[About this task]
The answer must consist solely of the lines below starting at the one containing "20 Februari 2026" and ending at the one containing "প্রকাশিত ভিডিওতে দেখা", repeated exactly, with both ends included and all pictures omitted.

[Source information]
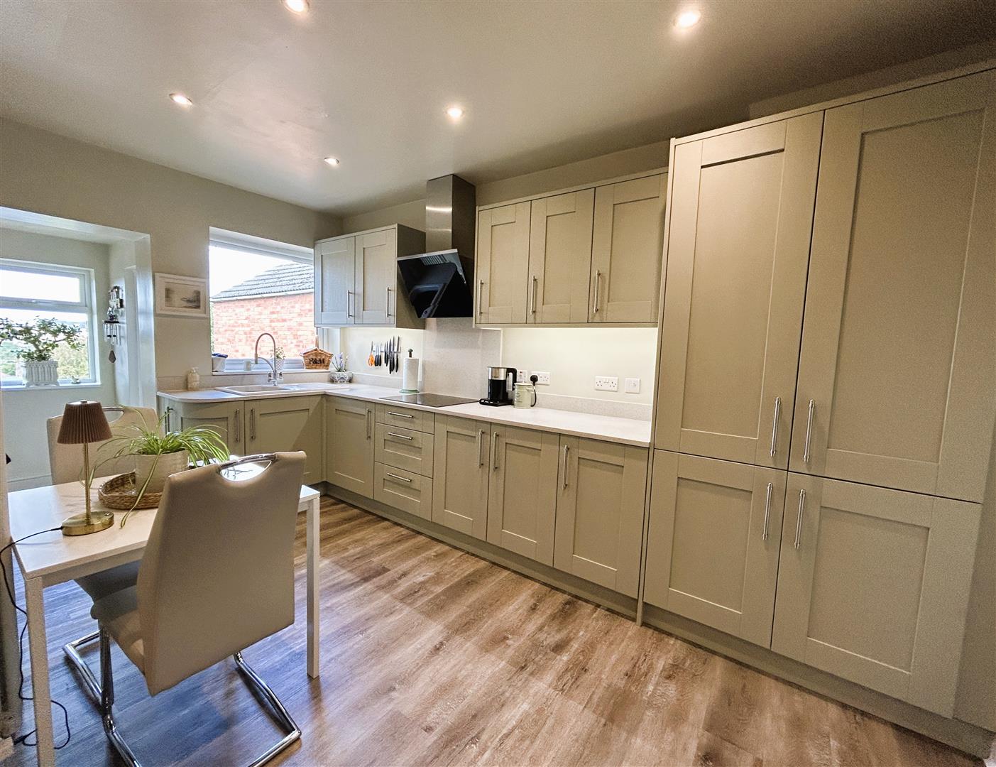 Comprehensively appointed with a quality range of sage coloured base cupboards, drawers, eye level units and larder cupboard with Corian work surface, upstand and splash back. Integrated appliances include an electric oven, combination oven/ microwave, induction hob, extractor hood, automatic washing machine and space for an American fridge freezer. There is a UPVC double glazed window to the rear enjoying views, column radiator, inset spot lighting, under plinth lighting, open into :
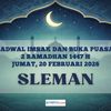 20 Februari 2026 (2 Ramadhan 1447 H): Imsak 05.13 WIB, Subuh 05.23 WIB, dan Maghrib 18.43 WIB.
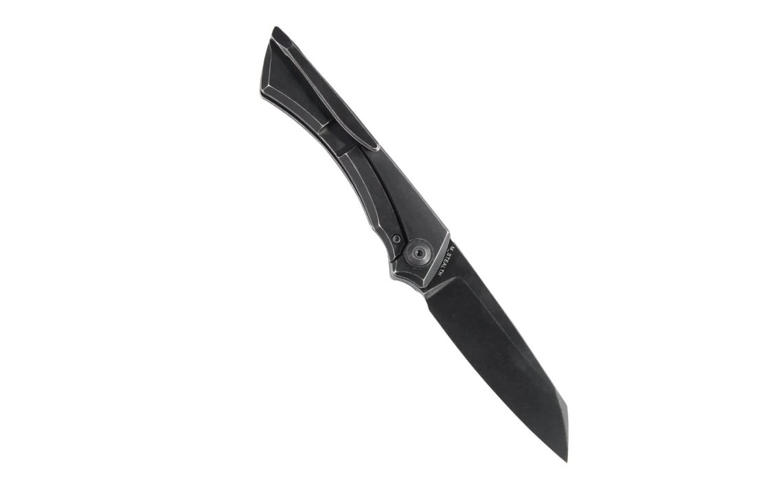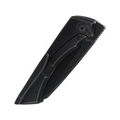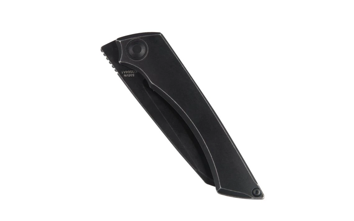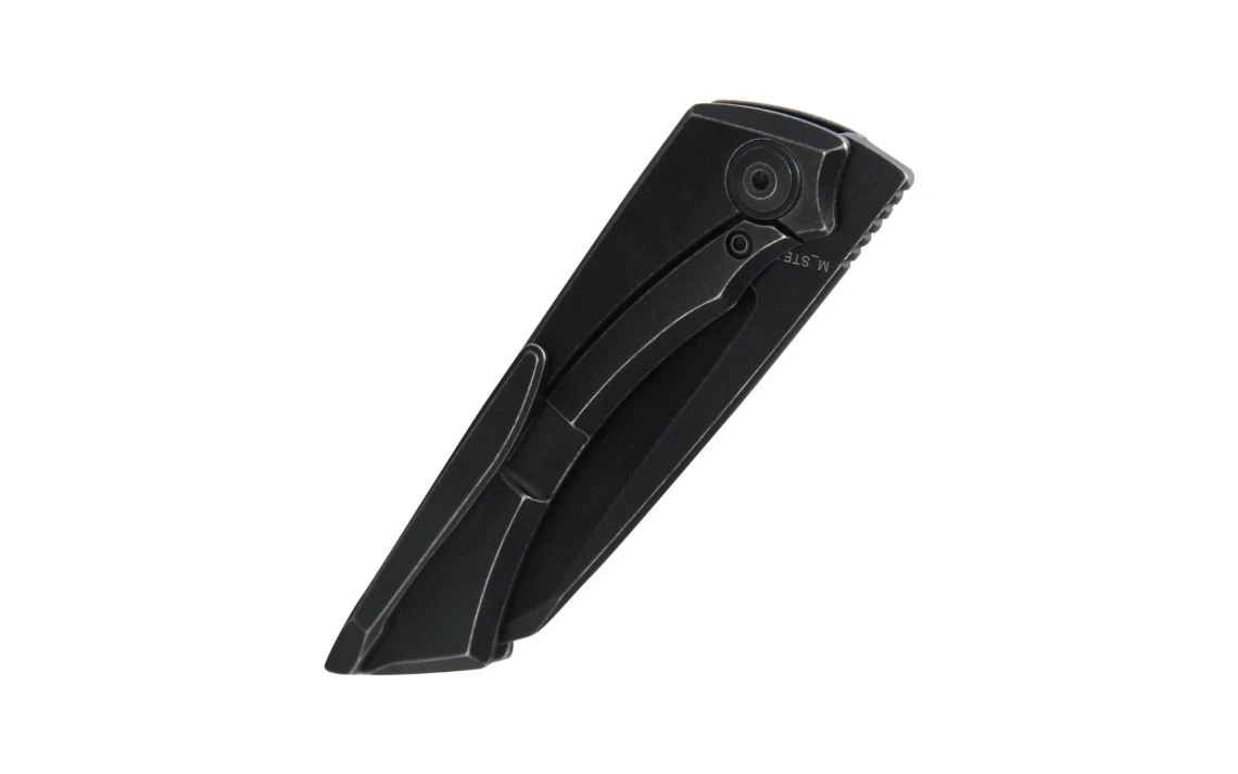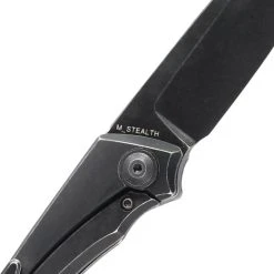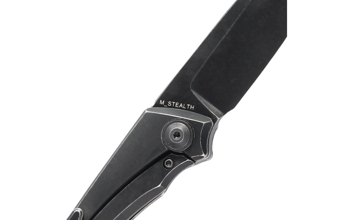 This front flipper M_Stealth knife is a Joel Scott-Turner design from Vitesse Design. Joel Scott-Turner completes this new knife with aesthetically pleasing features and great EDC functionality. The knife is sleek and classy with a black stonewash handle and wharncliffe blade that is versatile and all-around a fantastic shape. The blade steel is CPM-S35VN with a black stonewash finish. The titanium handle tapers in and out following a smooth curve that’s formed into the shape of the hand.
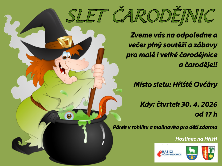 Slet čarodějnic na hřišti c Ovčárech ve čtvrtek 30.4. od 17:00 hodin
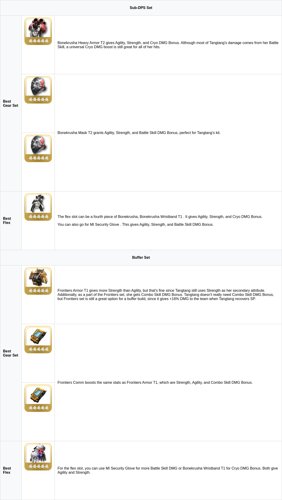 Alternatively, if you want Tangtang to focus on enhancing team abilities, the Frontiers gear set is a solid choice.
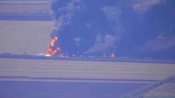 প্রকাশিত ভিডিওতে দেখা গেছে, দীর্ঘ ট্রেনের ডজনখানেক বগি আগুনে পুড়ে ছাই হয়ে যাচ্ছে। ট্রেনটি জাপোরিঝঝিয়ার দক্ষিণাংশে উরোজায়নি ও তোকমাকের মাঝামাঝি স্থানে লাইনচ্যুত হয়। তবে কীভাবে এই হামলা চালানো হয়েছে সে ব্যাপারে এখনো কোনো আনুষ্ঠানিক তথ্য মেলেনি।
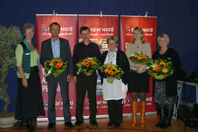Her ses de valgte kandidater flankeret af direktør Lisa Kjær og Gitte H. Sørensen, der er valgt til bankrådet af medarbejderne i Område Rebild.
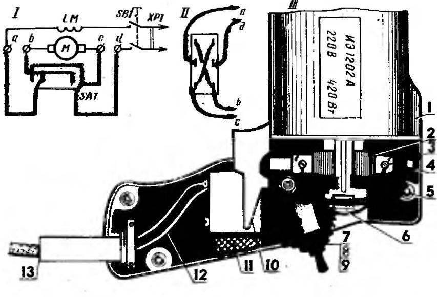 Отсутствие сопротивления указывает на обрыв. Подключение кнопки электродрели О принципе работы регулятора оборотов читайте в статье устройство дрели. Устройство электродрели: 1 — статор, 2 — обмотка статора вторая обмотка под ротором , 3 — ротор, 4 — пластины коллектора ротора, 5 — щеткодержатель со щеткой, 6 — реверс, 7 — регулятор оборотов.
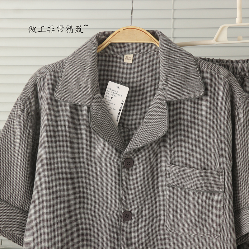 男士纯棉双层纱布开身短袖长裤家居服睡衣套装全棉透气大码夏
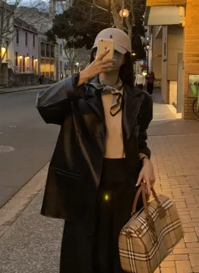エコレザークロップドブルゾンジャンパー・B010003
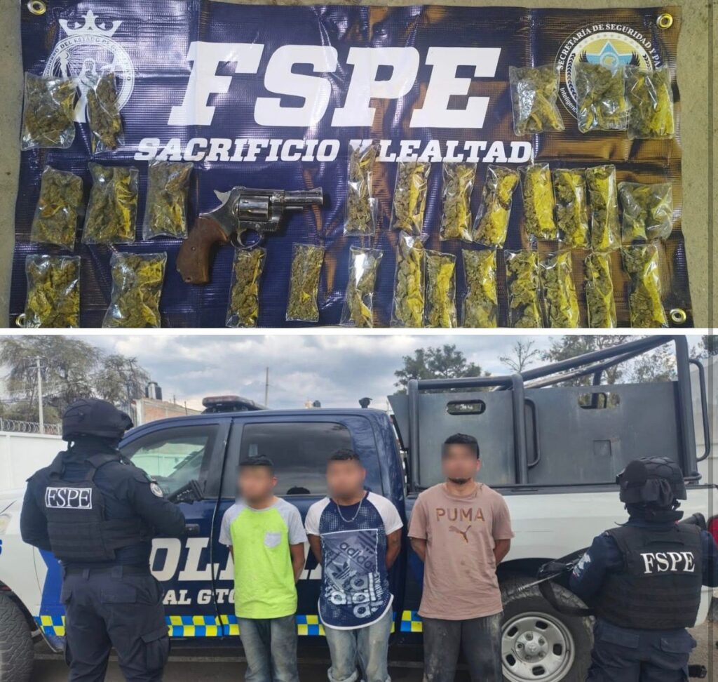 Durante recorridos de vigilancia preventiva en el municipio de Dolores Hidalgo, integrantes de las Fuerzas de Seguridad Pública del Estado de Guanajuato detuvieron a tres personas presuntamente vinculadas con la distribución de droga, tras detectar consumo de sustancias ilícitas en la vía pública.
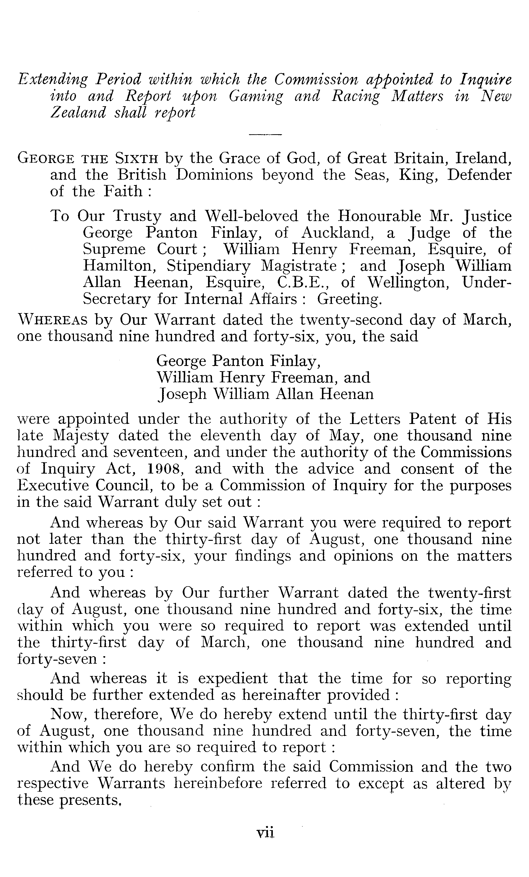 Extending Period within which the Commission appointed to Inquire into and Report upon Gaming and Racing Matters in New Zealand shall report George the Sixth by the Grace of God, of Great Britain, Ireland, and the British Dominions beyond the Seas, King, Defender of the Faith : To Our Trusty and Well-beloved the Honourable Mr. Justice George Panton Finlay, of Auckland, a Judge of the Supreme Court; William Henry Freeman, Esquire, of Hamilton, Stipendiary Magistrate; and Joseph William Allan Heenan, Esquire, C.8.E., of Wellington, UnderSecretary for Internal Affairs : Greeting. Whereas by Our Warrant dated the twenty-second day of March, one thousand nine hundred and forty-six, you, the said George Panton Finlay, William Henry Freeman, and Joseph William Allan Heenan were appointed under the authority of the Letters Patent of His late Majesty dated the eleventh day of May, one thousand nine hundred and seventeen, and under the authority of the Commissions of Inquiry Act, 1908, and with the advice and consent of the Executive Council, to be a Commission of Inquiry for the purposes in the said Warrant duly set out: And whereas by Our said Warrant you were required to report not later than the thirty-first day of August, one thousand nine hundred and forty-six, your findings and opinions on the matters referred to you : And whereas by Our further Warrant dated the twenty-first day of August, one thousand nine hundred and forty-six, the time within which you were so required to report was extended until the thirty-first day of March, one thousand nine hundred and forty-seven : And whereas it is expedient that the time for so reporting should be further extended as hereinafter provided : Now, therefore, We do hereby extend until the thirty-first day of August, one thousand nine hundred and forty-seven, the time within which you are so required to report: And We do hereby confirm the said Commission and the two respective Warrants hereinbefore referred to except as altered by these presents.
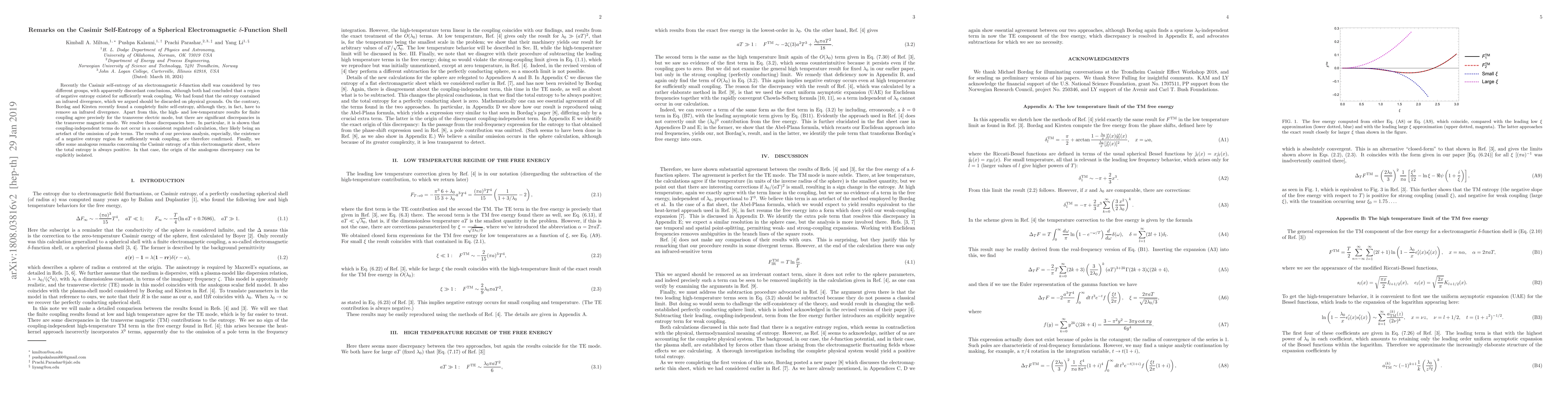 Recently the Casimir self-entropy of an electromagnetic $\delta$-function shell was considered by two different groups, with apparently discordant conclusions, although both had concluded that a region of negative entropy existed for sufficiently weak coupling. We had found that the entropy contained an infrared divergence, which we argued should be discarded on physical grounds. On the contrary, Bordag and Kirsten recently found a completely finite self-entropy, although they, in fact, have to remove an infrared divergence. Apart from this, the high- and low-temperature results for finite coupling agree precisely for the transverse electric mode, but there are significant discrepancies in the transverse magnetic mode. We resolve those discrepancies here. In particular, it is shown that coupling-independent terms do not occur in a consistent regulated calculation, they likely being an artefact of the omission of pole terms. The results of our previous analysis, especially, the existence of a negative entropy region for sufficiently weak coupling, are therefore confirmed. Finally, we offer some analogous remarks concerning the Casimir entropy of a thin electromagnetic sheet, where the total entropy is always positive. In that case, the origin of the analogous discrepancy can be explicitly isolated.

[Output for this exercise]
 20 Februari 2026 (2 Ramadhan 1447 H): Imsak 05.13 WIB, Subuh 05.23 WIB, dan Maghrib 18.43 WIB.
 This front flipper M_Stealth knife is a Joel Scott-Turner design from Vitesse Design. Joel Scott-Turner completes this new knife with aesthetically pleasing features and great EDC functionality. The knife is sleek and classy with a black stonewash handle and wharncliffe blade that is versatile and all-around a fantastic shape. The blade steel is CPM-S35VN with a black stonewash finish. The titanium handle tapers in and out following a smooth curve that’s formed into the shape of the hand.
 Slet čarodějnic na hřišti c Ovčárech ve čtvrtek 30.4. od 17:00 hodin
 Alternatively, if you want Tangtang to focus on enhancing team abilities, the Frontiers gear set is a solid choice.
 প্রকাশিত ভিডিওতে দেখা গেছে, দীর্ঘ ট্রেনের ডজনখানেক বগি আগুনে পুড়ে ছাই হয়ে যাচ্ছে। ট্রেনটি জাপোরিঝঝিয়ার দক্ষিণাংশে উরোজায়নি ও তোকমাকের মাঝামাঝি স্থানে লাইনচ্যুত হয়। তবে কীভাবে এই হামলা চালানো হয়েছে সে ব্যাপারে এখনো কোনো আনুষ্ঠানিক তথ্য মেলেনি।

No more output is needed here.